**Description of the task:**
Please restate the entries below word for word, leaving out any pictures.

---------- Provided entries ----------

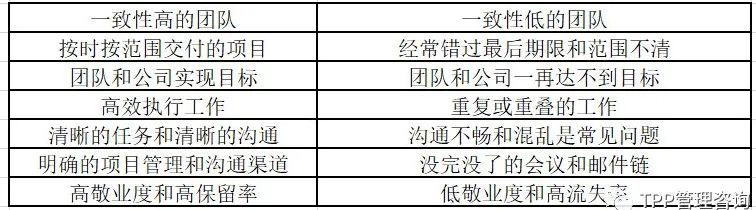 以下是两种团队具有的一些明显的特征,可以帮助你找出你的团队在一致性方面的表现情况。
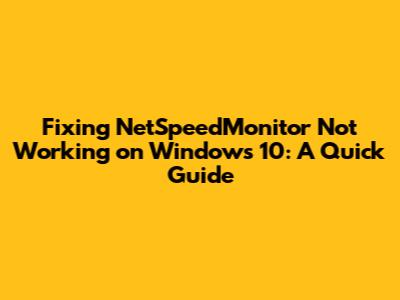 Troubleshooting Steps for NetSpeedMonitor on Windows 10
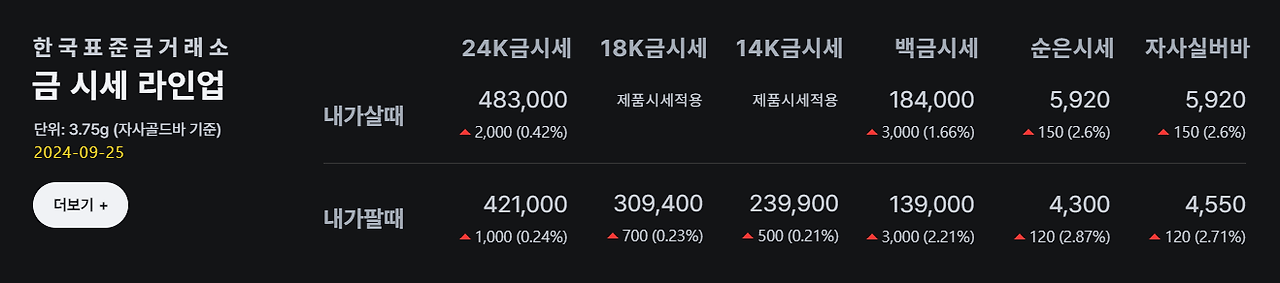 - 순금의 경우 골드바 기준으로 시세가 제공됩니다 (예: 2024년 9월 25일 골드바 매입 시세는 421,000원/돈).
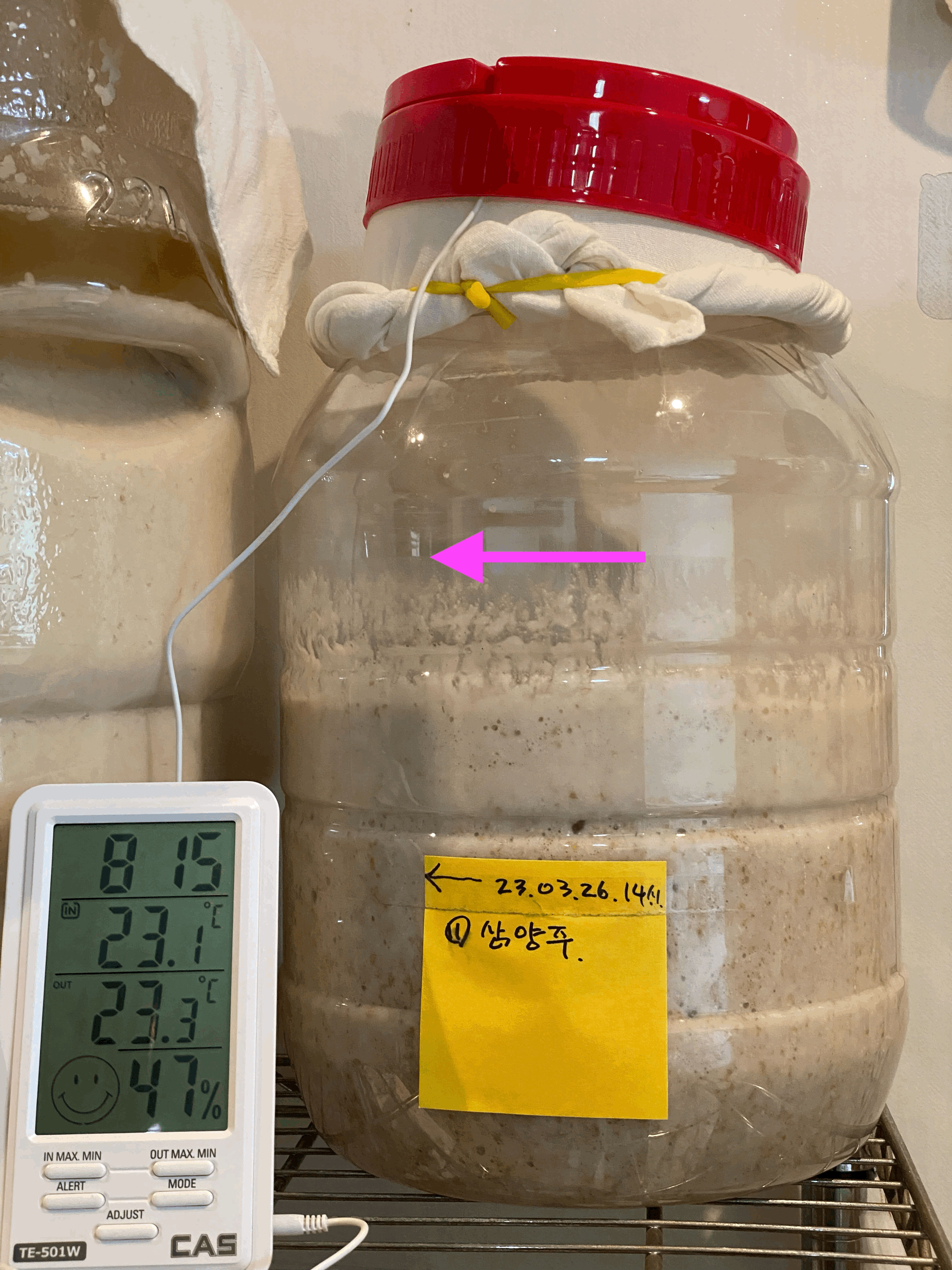 효모 증식을 위해 술덧을 소독한 주걱으로 저어주려고 확인해보니 8시간 전 보다 더 묽어졌고, 초기 술덧 부피 대비 100% 가량 끓었다 내려온 흔적이 있음. 옆면을 살펴보니 잔 기포가 꽤 많음. 맛을 보니 단맛이 조금 있고, 쓴맛이나 신맛은 아직 없고, 구수한 곡물향이 남. 계속 저어주고 뚜껑도 살짝만 덮어둔 상태라 호기성 발효를 진행하면서 효모가 대량증식중인 것으로 추정함. 이번 술빚기의 밑술 발효 초반에는 효모 증식에 초점을 맞출 예정.술덧을 저어주기 전에 확인했을 때 화살표 지점이 끓어올랐던 자국의 정점.(3/27.월.08:15)
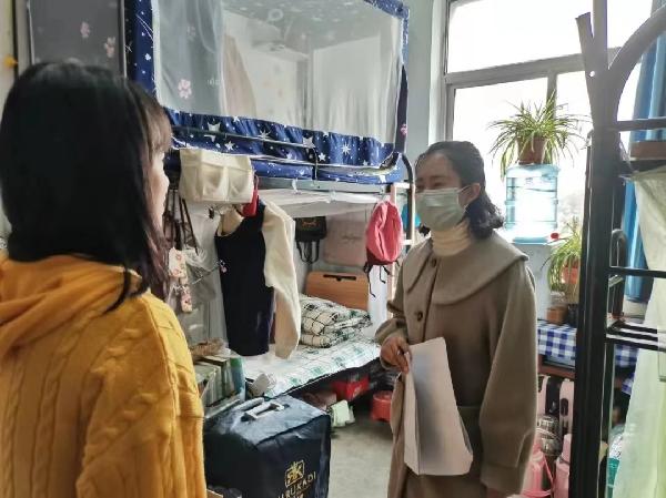 为了深入了解返校员工的情况并提高员工防疫意识,3月6日上午,公司党总支副书记刘爱霞,辅导员张熔、杨雄、张思纯、田红娟、张重阳老师前往员工宿舍,走访慰问公司返校员工。
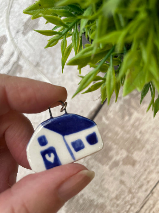 Hand Painted Blue Little House Charm Necklace | Cosy Home Jewellery | Sister Sister

----------

**Output below:**
 以下是两种团队具有的一些明显的特征,可以帮助你找出你的团队在一致性方面的表现情况。
 Troubleshooting Steps for NetSpeedMonitor on Windows 10
 - 순금의 경우 골드바 기준으로 시세가 제공됩니다 (예: 2024년 9월 25일 골드바 매입 시세는 421,000원/돈).
 효모 증식을 위해 술덧을 소독한 주걱으로 저어주려고 확인해보니 8시간 전 보다 더 묽어졌고, 초기 술덧 부피 대비 100% 가량 끓었다 내려온 흔적이 있음. 옆면을 살펴보니 잔 기포가 꽤 많음. 맛을 보니 단맛이 조금 있고, 쓴맛이나 신맛은 아직 없고, 구수한 곡물향이 남. 계속 저어주고 뚜껑도 살짝만 덮어둔 상태라 호기성 발효를 진행하면서 효모가 대량증식중인 것으로 추정함. 이번 술빚기의 밑술 발효 초반에는 효모 증식에 초점을 맞출 예정.술덧을 저어주기 전에 확인했을 때 화살표 지점이 끓어올랐던 자국의 정점.(3/27.월.08:15)
 为了深入了解返校员工的情况并提高员工防疫意识,3月6日上午,公司党总支副书记刘爱霞,辅导员张熔、杨雄、张思纯、田红娟、张重阳老师前往员工宿舍,走访慰问公司返校员工。
 Hand Painted Blue Little House Charm Necklace | Cosy Home Jewellery | Sister Sister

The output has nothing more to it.